The exisitng generators are \(SO(4)\). The covering group \(SL(2)\) using Pauli Matrices can cover the \(SO(4)\) group as they both have two elements. First define an algebra.
\[\bigg(\frac{\sigma_1}{2}, \frac{\sigma_2}{2}, \frac{\sigma_3}{2}, \frac{i\sigma_1}{2}, \frac{i\sigma_2}{2}, \frac{i\sigma_3}{2}, \bigg) \equiv (j_1, j_2, j_3, k_1, k_2, k_3)\]
The Pauli matrices have the relations:
\[\bigg[\frac{1}{2}\sigma_i, \frac{1}{2}\sigma_j\bigg] = \frac{1}{2}i\epsilon_{ijk}\sigma_k\]
Hence:
\[[j_i, j_j] = i\epsilon_{ijk}j_k,\: [j_i, k_j] = i\epsilon_{ijk}k_k,\:[k_i, k_j] = i\epsilon_{ijk}j_k\]
These are the same algebras as for the \(J\) and \(K\) generators. This means that there is a mapping between \(J_i\) and \(j_i\) and between \(K_i\) and \(k_i\).
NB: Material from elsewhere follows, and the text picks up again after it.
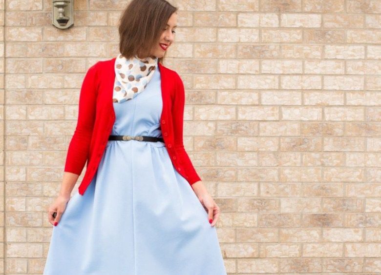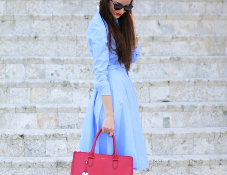 Для более смелых подойдет полноценное сочетание в одежде, когда оба цвета звучат на равных. Голубой костюм с алым топом, голубая юбка с красным жакетом, двухцветные платья. Чтобы образ выглядел современно, важна чистота оттенков: голубой — холодный, ясный, а алый — насыщенный, без ухода в бордо или коралл.

A spinor is often defined, somewhat cryptically, as a two-component, vector-like quantities with special transformation properties. We need to clarify what “vector-like” and “special transformation properties” actually mean.
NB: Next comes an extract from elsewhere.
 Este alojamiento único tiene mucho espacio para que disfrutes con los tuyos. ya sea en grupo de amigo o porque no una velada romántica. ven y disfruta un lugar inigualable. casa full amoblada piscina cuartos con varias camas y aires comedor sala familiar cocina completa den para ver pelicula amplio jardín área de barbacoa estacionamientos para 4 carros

The term “vector like” simply means that it takes the form of a two-vector.
\[ \mathbf{\xi} = \begin{bmatrix} \xi_1 \\ \xi_2 \end{bmatrix} \]
A two-component vector can be transformed using one or more 2 x 2 matrices. Transformations are often used to change the vector into another vector using scaling, rotation, and translation. Another, and in this case more useful, transformation is from one coordinate system into another \(\mathbf{\xi \rightarrow \xi'}\).
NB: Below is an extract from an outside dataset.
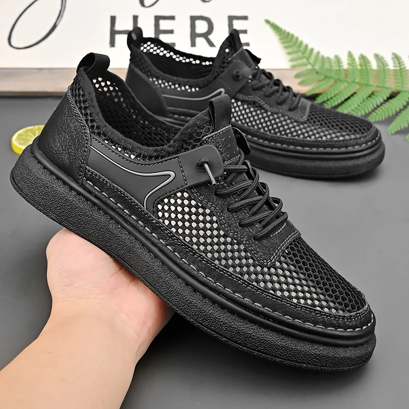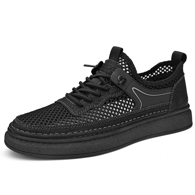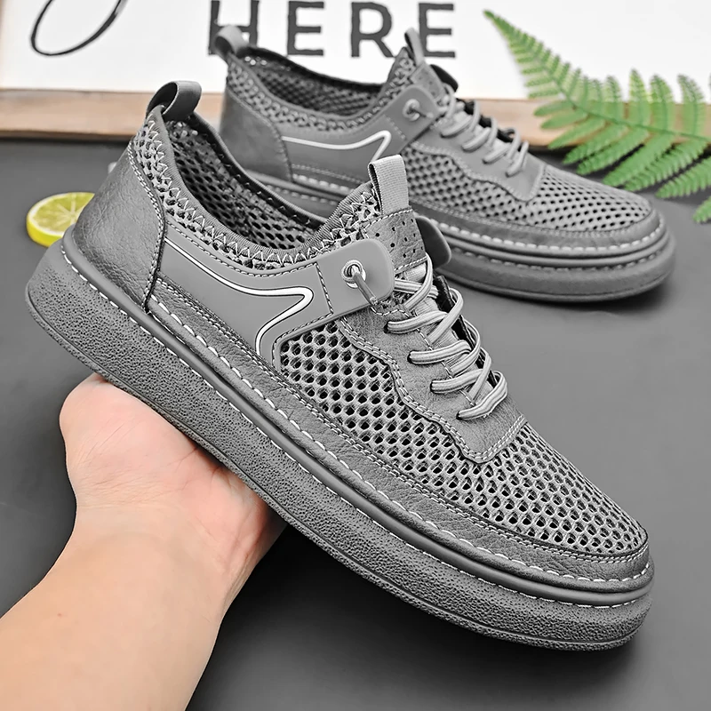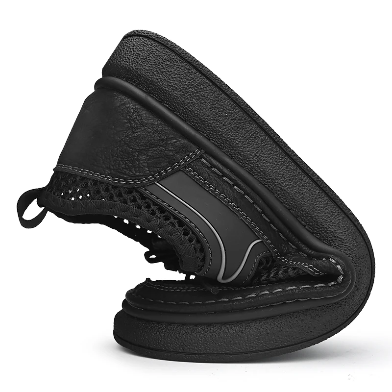 Custom Design OEM service mesh genuine leather summer men closed toe hand made leather casual shoes $18.40

We have derived a number of algebras that commutate in the same way and that there are mappings between them. One such algebra combines rotations and boosts in the form \(e^{J_i \pm iK_i}\). This algebra can now be mapped to Pauli matrices. We have \(J_k \rightarrow j_k \rightarrow \frac{1}{2}i\sigma_k\theta\) and \(iK_k \rightarrow ik_k \rightarrow -\frac{1}{2}\sigma_k\phi\).
We now have two unitary 2x2 transformations for spinor rotations and boosts.
The right handed spinor \(U = \varphi_R\).
\[\varphi_R = e^{\frac{1}{2}i\sigma_k\theta-\frac{1}{2}\sigma_k\phi}\]
The left handed spinor \(U = \varphi_L\).
\[\varphi_L = e^{\frac{1}{2}i\sigma_k\theta+\frac{1}{2}\sigma_k\phi}\]
These are also known as Weyl spinors.